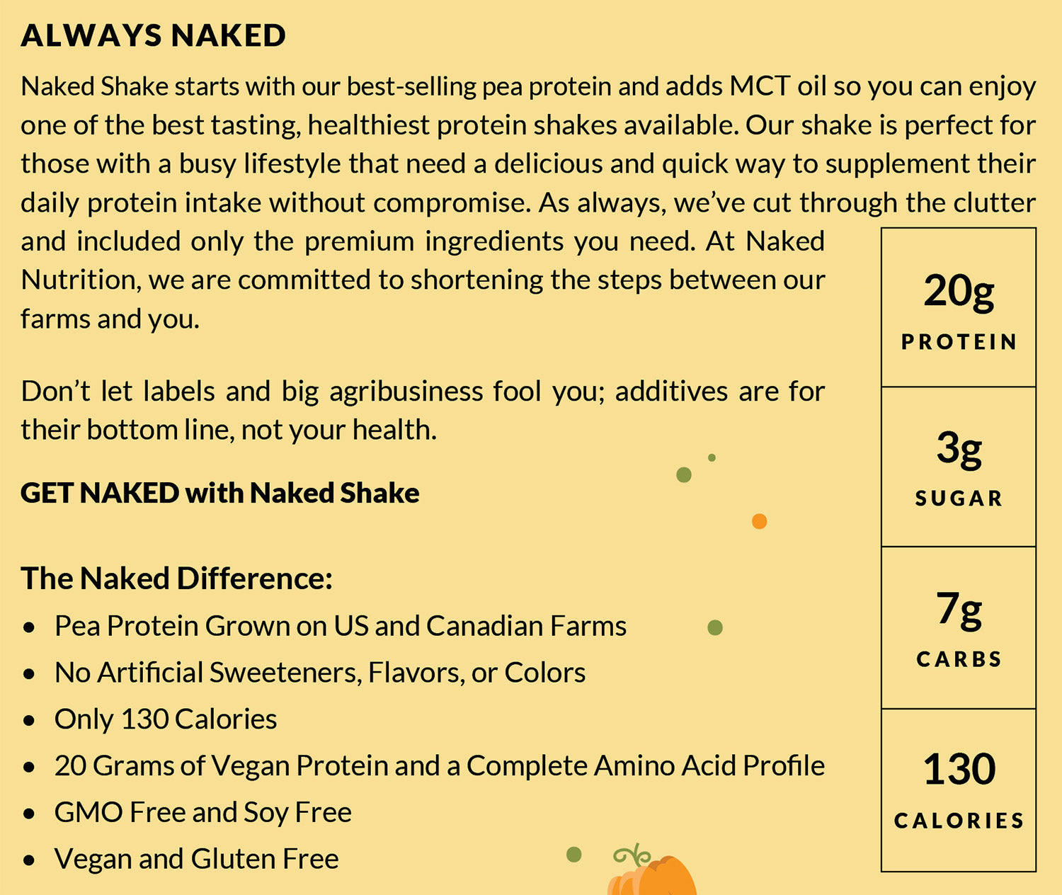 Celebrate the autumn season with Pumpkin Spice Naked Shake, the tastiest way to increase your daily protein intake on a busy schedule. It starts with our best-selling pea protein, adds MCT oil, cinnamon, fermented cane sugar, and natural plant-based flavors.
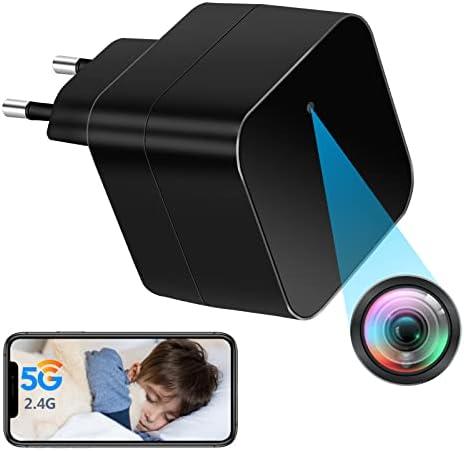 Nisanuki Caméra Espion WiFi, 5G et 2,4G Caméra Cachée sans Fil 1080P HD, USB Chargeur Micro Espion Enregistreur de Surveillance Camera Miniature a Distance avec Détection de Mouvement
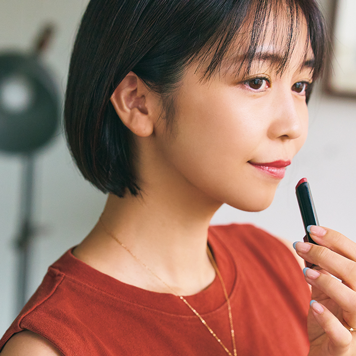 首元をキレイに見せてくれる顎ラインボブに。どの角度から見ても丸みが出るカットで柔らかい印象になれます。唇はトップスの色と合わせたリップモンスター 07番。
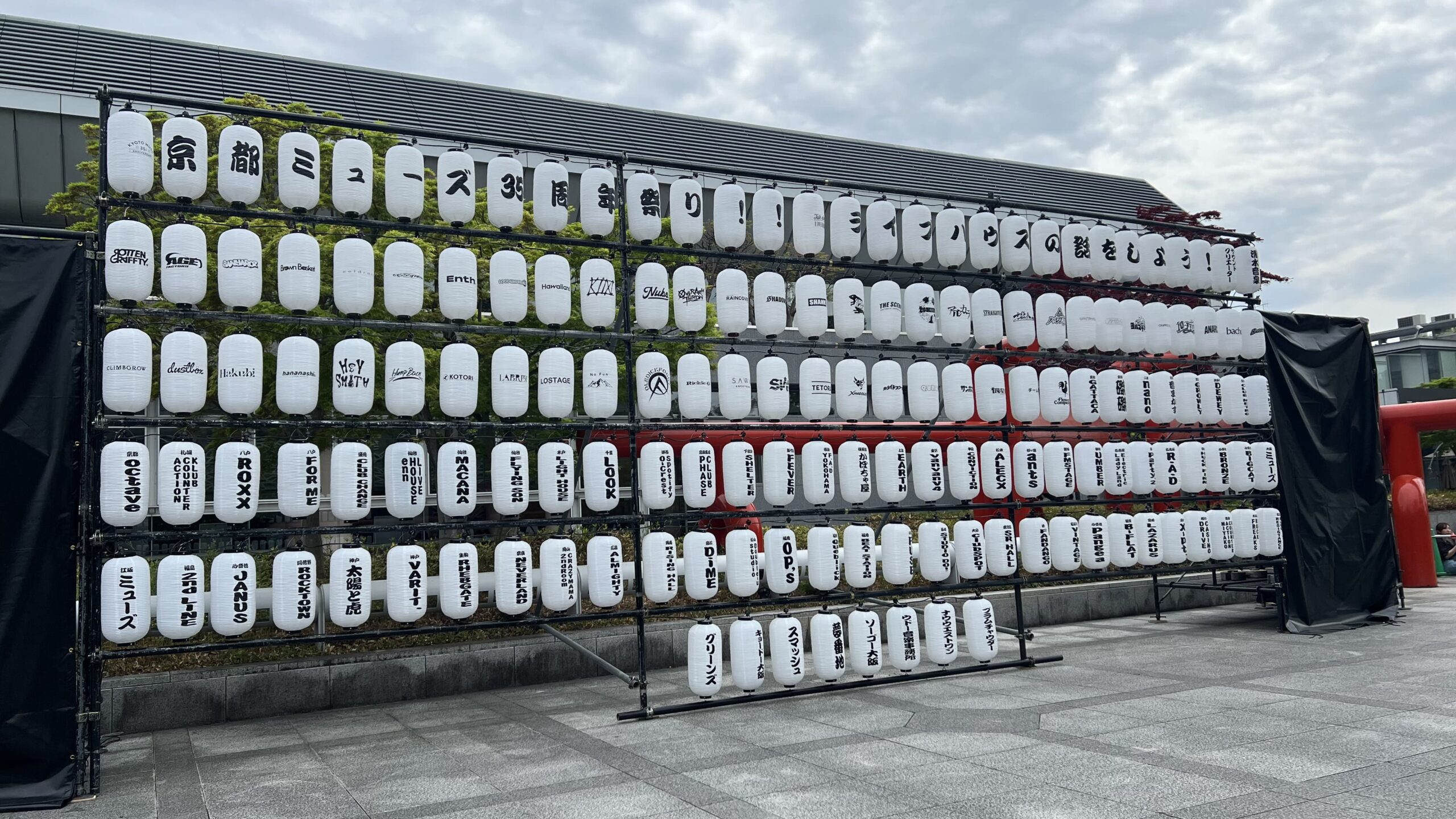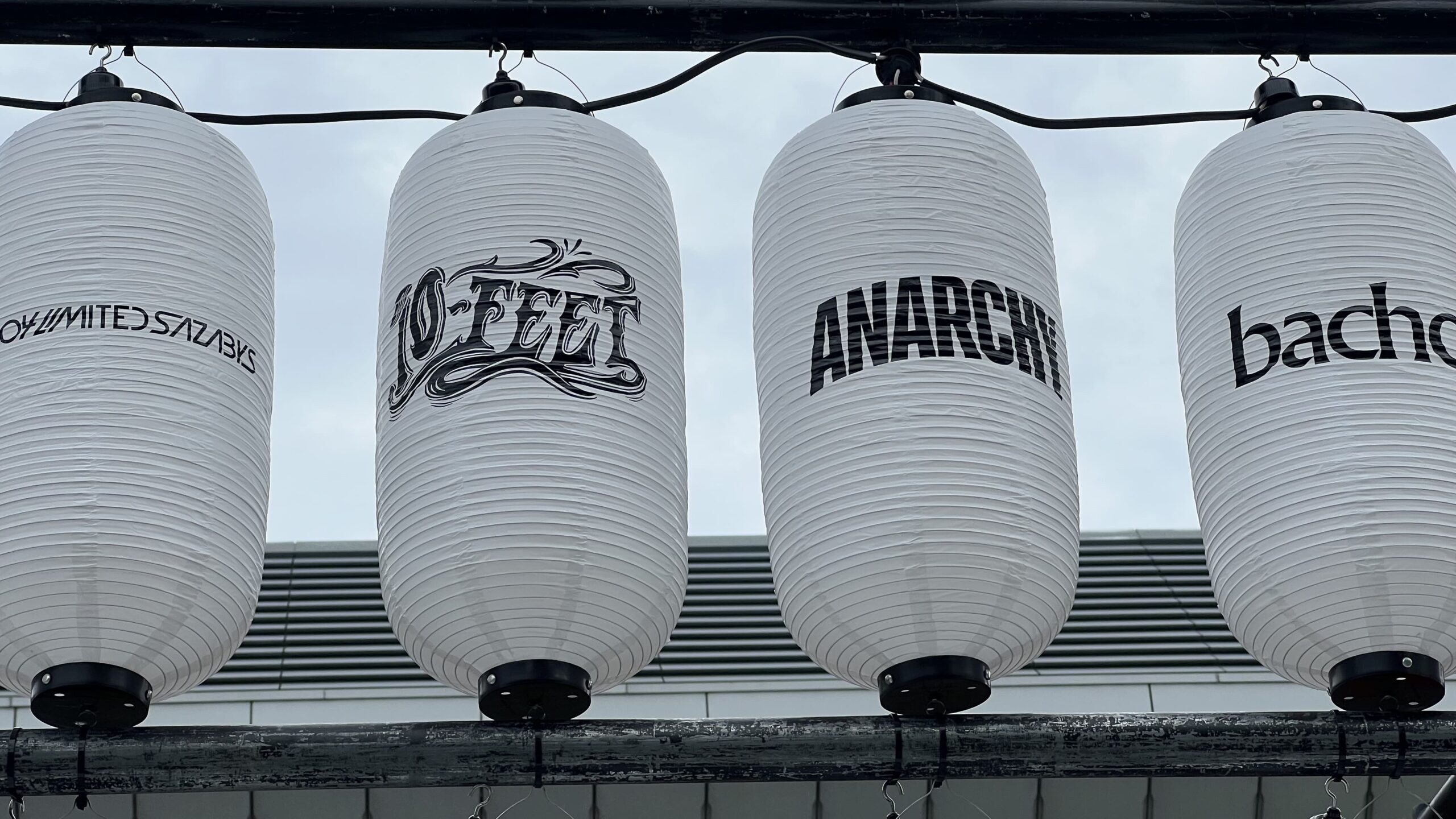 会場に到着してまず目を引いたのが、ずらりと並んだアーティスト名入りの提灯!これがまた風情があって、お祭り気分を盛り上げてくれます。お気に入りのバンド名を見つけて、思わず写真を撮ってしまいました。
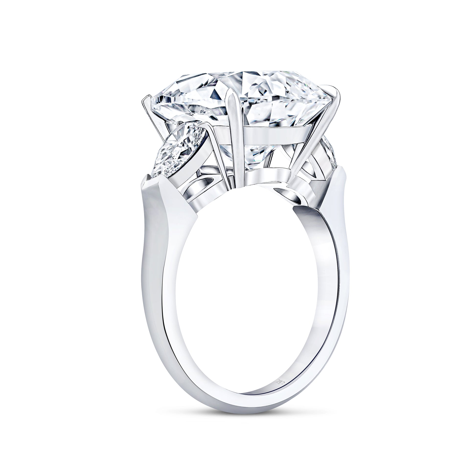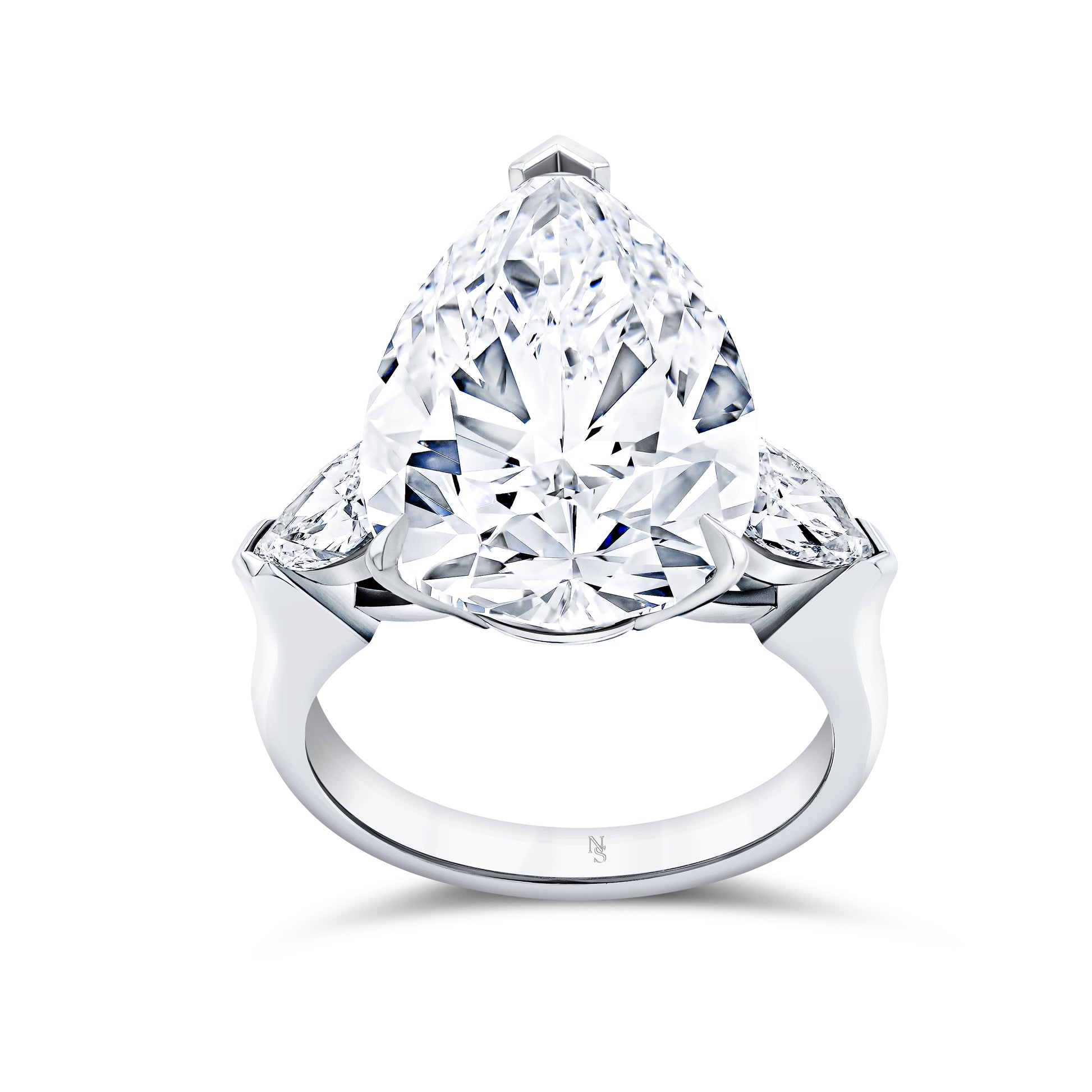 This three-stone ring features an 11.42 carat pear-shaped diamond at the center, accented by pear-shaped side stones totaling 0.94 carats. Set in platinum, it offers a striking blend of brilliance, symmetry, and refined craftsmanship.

==================================================

> **ASSIGNMENT**:
Pictures excluded, set down all the entries exactly.

> **RESPONSE FOR THIS EXERCISE**:
 Celebrate the autumn season with Pumpkin Spice Naked Shake, the tastiest way to increase your daily protein intake on a busy schedule. It starts with our best-selling pea protein, adds MCT oil, cinnamon, fermented cane sugar, and natural plant-based flavors.
 Nisanuki Caméra Espion WiFi, 5G et 2,4G Caméra Cachée sans Fil 1080P HD, USB Chargeur Micro Espion Enregistreur de Surveillance Camera Miniature a Distance avec Détection de Mouvement
 首元をキレイに見せてくれる顎ラインボブに。どの角度から見ても丸みが出るカットで柔らかい印象になれます。唇はトップスの色と合わせたリップモンスター 07番。
 会場に到着してまず目を引いたのが、ずらりと並んだアーティスト名入りの提灯!これがまた風情があって、お祭り気分を盛り上げてくれます。お気に入りのバンド名を見つけて、思わず写真を撮ってしまいました。
 This three-stone ring features an 11.42 carat pear-shaped diamond at the center, accented by pear-shaped side stones totaling 0.94 carats. Set in platinum, it offers a striking blend of brilliance, symmetry, and refined craftsmanship.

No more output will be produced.